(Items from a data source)
----

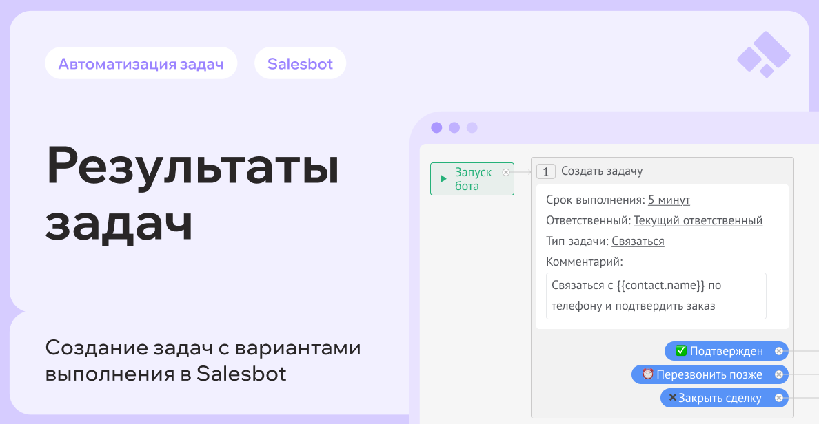 - Позволяет настраивать кнопки с результатами задач, которые автоматически запускают дополнительные действия в SalesBot.
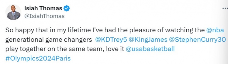 今天,NBA名宿“微笑刺客”伊塞亚-托马斯更推道:“很高兴在我的生命中还能看到NBA比赛的一代变革者杜兰特、詹姆斯和库里在同队打球,我爱美国篮球。”
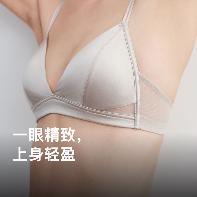 NW261WU1122 内外真丝拼接三角杯文胸桑蚕丝网纱透气聚拢内衣新品
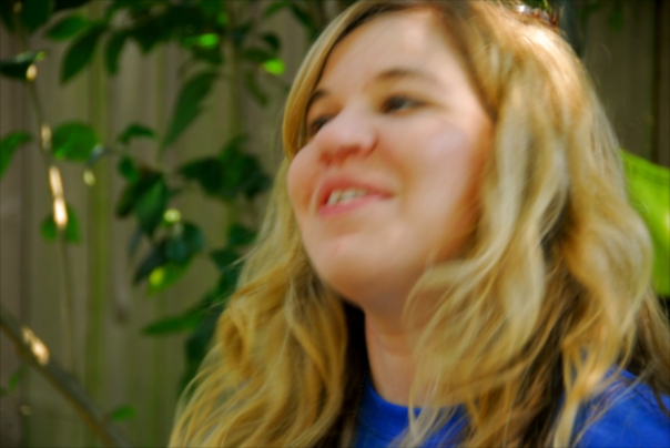 The woman is enjoying her time outdoors and laughing during the picture.
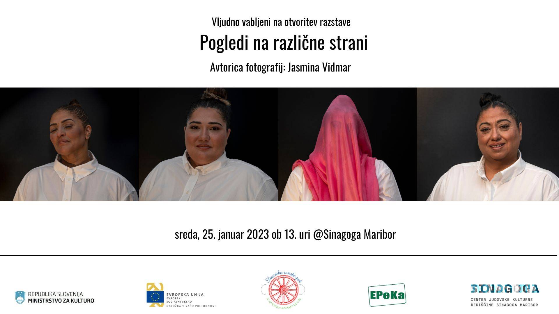 Sinagoga Maribor Židovska ulica 4V sodelovanju s pripadniki romske skupnosti in fotografinjo Jasmino Vidmar smo v Združenju EPEKA, so.p., znotraj projekta Slovenska romska pot, ki ga financira Ministrstvo za kulturo, pripravili fotografsko razstavo z naslovom Pogledi na različne strani, ki jo bomo v sredo, 25. januarja ob 13. uri otvorili v predprostoru Sinagoge Maribor.

----

### WORK REQUIRED
Your response must consist of the lines from the beginning of the data through the line containing "The woman is", transcribed exactly, with no pictures.

### TASK RESPONSE
 - Позволяет настраивать кнопки с результатами задач, которые автоматически запускают дополнительные действия в SalesBot.
 今天,NBA名宿“微笑刺客”伊塞亚-托马斯更推道:“很高兴在我的生命中还能看到NBA比赛的一代变革者杜兰特、詹姆斯和库里在同队打球,我爱美国篮球。”
 NW261WU1122 内外真丝拼接三角杯文胸桑蚕丝网纱透气聚拢内衣新品
 The woman is enjoying her time outdoors and laughing during the picture.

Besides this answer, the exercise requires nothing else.